NVIDIA and Google Cloud Want to Power the Entire AI Universe, From Data to Digital Twins

NVIDIA and Google Cloud have unveiled a sweeping new collaboration designed to bring high-performance, accelerated computing to every corner of enterprise AI. The two companies say their goal is to make it faster, easier and vastly more powerful to run everything from 3D advertising design to industrial robotics inside Google’s cloud.
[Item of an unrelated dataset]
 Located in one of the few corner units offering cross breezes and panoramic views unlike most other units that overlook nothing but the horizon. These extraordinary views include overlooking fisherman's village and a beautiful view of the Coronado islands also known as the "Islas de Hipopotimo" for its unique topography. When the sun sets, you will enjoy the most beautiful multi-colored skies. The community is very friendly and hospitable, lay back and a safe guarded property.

The G4 VM: A Swiss Army Knife for AI
At the centre of the announcement is Google Cloud’s new G4 virtual machine, powered by NVIDIA’s RTX PRO 6000 Blackwell Server Edition GPU, the latest heavyweight in NVIDIA’s Blackwell family. It is a universal engine built for both brain and beauty, capable of handling multimodal, generative and agentic AI workloads while simultaneously rendering photorealistic visuals for design and simulation.
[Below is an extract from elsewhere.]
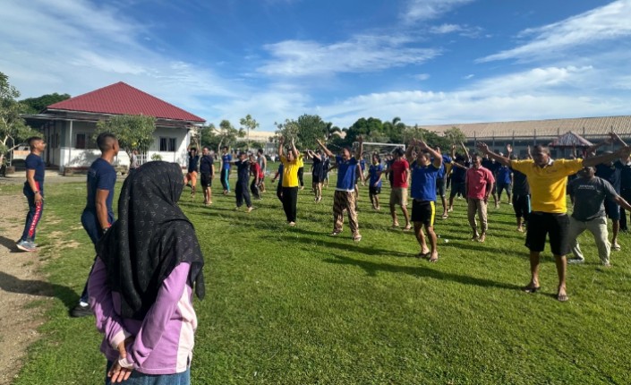 Warga Binaan Lapas Kelas IIA Banda Aceh lakukan Senam akhir pekan Demi Menjaga Kesehatan

The new GPU features fifth-generation Tensor Cores for faster AI inference using efficient FP4 data formats, and fourth-generation RT Cores that double the ray-tracing performance of the previous generation. Companies can configure up to eight of these GPUs per instance, delivering a total of 768 GB of GDDR7 memory.
The result is a platform that can think and create at the same time. Advertising group WPP is already using G4 VMs with NVIDIA’s Omniverse to generate photorealistic 3D marketing content in real time. Engineering specialist Altair is using the same setup to accelerate computational fluid dynamics and complex simulation workloads.
Omniverse Meets the Cloud
The headline act for many users will be the arrival of NVIDIA Omniverse and Isaac Sim as virtual machine images on the Google Cloud Marketplace.
Omniverse is built on Universal Scene Description (OpenUSD) and allows companies to build digital twins, complete virtual replicas of physical assets that can be tested and optimised before real-world deployment. Factories, warehouses and even vehicle assembly lines can be modelled in detail and simulated under different conditions to improve efficiency.
Isaac Sim, built on the same platform, is designed for robotics developers who want to train, simulate and validate robots in physics-based environments before they go anywhere near a factory floor. Together, these tools turn Google Cloud into a sandbox for what NVIDIA calls physical AI — systems that can think, reason and move in realistic digital worlds.
Plug and Play AI for the Enterprise
The collaboration extends beyond design and robotics. Google Cloud customers will gain access to the full NVIDIA AI software stack, covering agentic AI, scientific computing and visual design. Developers can use NVIDIA Nemotron reasoning models, follow NVIDIA Blueprints to build intelligent agents, and deploy them with NVIDIA NIM microservices for efficient, secure inference.
In scientific research, the combination of CUDA-X libraries and Blackwell GPUs delivers striking speed improvements. Core genomics algorithms now run up to 6.8 times faster than on the previous generation, while designers and artists can use NVIDIA RTX Virtual Workstation software to access high-performance virtual workstations from anywhere.
The Bigger Picture
What NVIDIA and Google Cloud have created is a unified AI ecosystem that can handle everything from massive model training to industrial simulation and 3D design. It gives companies a single architecture that spans the entire spectrum of modern computing.
Whether the task is building a digital twin, training an AI assistant or rendering a next-generation film scene, this partnership aims to make Google Cloud the go-to engine for creative and computational power. For enterprises chasing both performance and scalability, it is the closest thing yet to a one-stop AI shop.